The assumption being made is that project management is a profession, or at least is well on its way to attaining the characteristics of traditional professions such as law, medicine, and engineering. Clearly, there is a significant effort under way to gain recognition for project management as a profession, and project management does bear some obvious resemblance to traditional professions and disciplines: it is a knowledge occupation, the practice of which is increasingly important to the welfare of modern societies. However, in sociological terms, there is a distinct difference between an occupation and a profession, and labeling this occupation a profession is a touch premature. The future of “project manager” as an occupation [The Future of Project Management] is dependent partially on how members of this occupational set choose to handle some of the same questions that were dealt with by the classic professions such as medicine, law, and accounting, and partly on how they deal with some new and emerging conditions.

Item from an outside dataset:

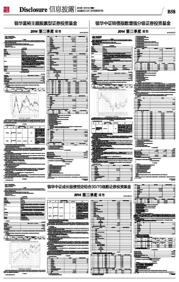 基金管理人:银华基金管理有限公司 基金托管人:中国银行股份有限公司 报告送出日期:2014年7月21日 §1 重要提示 基金管理人的董事会及董事保证本报告所载资料不存在虚假记载、误导性陈述或重大遗漏,并对其内容的真实性、准确性和完整性承担个别及连带责任。 基金托管人中国银行股份有限公司根据本基金合同规定,于2014年7月17日复核了本报告中的财务指标、净值表现和投资组合报告等内容,保证复核内容不存在虚假记载、误导性陈述或者重大遗漏。 基金管理人承诺以诚实信用、勤勉尽责的原则管理和运用基金资产,但不保证基金一定盈利。 基金的过往业绩并不代表其未来表现。投资有风险,投资者在作出投资决策前应仔细阅读本基金的招募说明书。 本报告中财务资料未经审计。 本报告期自2014年4月1日起至6月30日止。 §2 基金产品概况 ■ §3 主要财务指标和基金净值表现 3.1 主要财务指标 单位:人民币元 ■ 注:1、本期已实现收益指基金本期利息收入、投资收益、其他收入(不含公允价值变动收益)扣除相关费用后的余额,本期利润为本期已实现收益加上本期公允价值变动收益。 2、上述本基金业绩指标不包括持有人交易基金的各项费用,例如:基金的申购、赎回费等,计入费用后实际收益水平要低于所列数字。 3.2 基金净值表现 3.2.1 本报告期基金份额净值增长率及其与同期业绩比较基准收益率的比较 ■ 3.2.2 自基金合同生效以来基金份额累计净值增长率变动及其与同期业绩比较基准收益率变动的比较 ■ 注:本基金基金合同生效日期为2013年8月15日,自基金合同生效日起到本报告期末不满一年,按基金合同的规定,本基金自基金合同生效起六个月为建仓期,建仓期结束时本基金的各项资产配置比例已达到基金合同的规定:投资于固定收益类证券的比例不低于基金资产的80%,其中投资于中证转债指数的成份券及其备选成份券的比例不低于基金非现金资产的80%;本基金持有现金或到期日在一年以内的政府债券不低于基金资产净值的5%。 §4 管理人报告 4.1 基金经理(或基金经理小组)简介 ■ 注:1、此处的任职日期和离任日期均指基金合同生效日或公司作出决定之日。 2、证券从业的含义遵从行业协会《证券业从业人员资格管理办法》的相关规定。 4.2 管理人对报告期内本基金运作遵规守信情况的说明 本基金管理人在本报告期内严格遵守《中华人民共和国证券法》、《中华人民共和国证券投资基金法》、《证券投资基金运作管理办法》及其各项实施准则、《银华中证转债指数增强分级证券投资基金》和其他有关法律法规的规定,本着诚实信用、勤勉尽责的原则管理和运用基金资产,在严格控制风险的基础上,为基金份额持有人谋求最大利益,无损害基金份额持有人利益的行为。本基金无违法、违规行为。本基金投资组合符合有关法规及基金合同的约定。 4.3 公平交易专项说明 4.3.1 公平交易制度的执行情况 本基金管理人根据中国证监会颁布的《证券投资基金管理公司公平交易制度指导意见》,制定了《公平交易制度》和《公平交易执行制度》等,并建立了健全有效的公平交易执行体系,保证公平对待旗下的每一个投资组合。 在投资决策环节,本基金管理人构建了统一的研究平台,为旗下所有投资组合公平地提供研究支持。同时,在投资决策过程中,各基金经理、投资经理严格遵守本基金管理人的各项投资管理制度和投资授权制度,保证各投资组合的独立投资决策机制。 在交易执行环节,本基金管理人实行集中交易制度,按照“时间优先、价格优先、比例分配、综合平衡”的原则,确保各投资组合享有公平的交易执行机会。 在事后监控环节,本基金管理人定期对股票交易情况进行分析,并出具公平交易执行情况分析报告;另外,本基金管理人还对公平交易制度的遵守和相关业务流程的执行情况进行定期和不定期的检查,并对发现的问题进行及时报告。 综上所述,本基金管理人在本报告期内严格执行了公平交易制度的相关规定。 4.3.2 异常交易行为的专项说明 本报告期内,本基金未发现存在可能导致不公平交易和利益输送的异常交易行为。 本报告期内,本基金管理人所有投资组合参与的交易所公开竞价同日反向交易成交较少的单边交易量超过该证券当日成交量的5%的情况有4次,原因是指数型投资组合投资策略需要,未导致不公平交易和利益输送。 4.4 报告期内基金的投资策略和业绩表现的说明 4.4.1 报告期内基金投资策略和运作分析 二季度随着宏观经济的企稳以及“微刺激”政策的持续出台,股市止跌,但波动率大幅下降,进入一个窄幅震荡区间,沪深300指数累计上涨0.88%。与此同时,随着债券收益率的下降,转债债底抬升;再叠加流动性的宽松,转债估值有所扩张,整体表现优于股票,中证转债指数累计上涨5.36%。 在报告期内,本基金综合考虑了样本券属性、流动性以及配置价值等多方面因素,采用了优化分层复制策略,保持了对指数的跟踪;同时,根据市场变化,适当做了一些波段操作,起到了增强收益的作用。 4.4.2 报告期内基金的业绩表现 截至报告期末,本基金份额净值为0.971元,本报告期份额净值增长率为6.24%,同期业绩比较基准收益率为5.09%。 4.5 管理人对宏观经济、证券市场及行业走势的简要展望 展望三季度,市场仍在“宏观经济下行风险”和“政

The purpose of this article is to examine project management in the light of the sociological development of the classical professions and highlight some potential roadblocks facing project management on its professionalization journey. By drawing on what we know of the historical development of other professions, we hope to provide insights for those interested in professionalizing project management.

Profession vs. Professional

Professions have been studied in sociology for more than 70 years. This analytic history provides us with definitions of the characteristics and traits of professions and an understanding of the stages or steps most occupations followed in attaining professional status.

In sociology an occupation is defined as a category of jobs characterized by a set of skills, responsibilities, earnings, entry qualifications, and prestige. The term profession can be viewed in two ways in sociology. First, as an organizational form, a profession includes some central regulatory body to ensure the standard of performance of individual members; a code of conduct; careful management of knowledge in relation to the expertise that constitutes the basis of the profession's activities; and, lastly, control of numbers, selection, and training of new entrants. From the perspective of profession as organizational form, there are very few traditional professions recognized in sociology. Typically, law, medicine, accounting, and engineering are recognized as traditional professions. Second, profession can be viewed as a work orientation. A professional's work orientation entails exclusive concern with the intrinsic rewards and performance of a task and is typically associated with personal services involving confidentiality and high trust. While project managers may exhibit the work orientation of a professional as defined above, as an organizational form, project management fails to meet some of the criteria necessary to be viewed as a profession.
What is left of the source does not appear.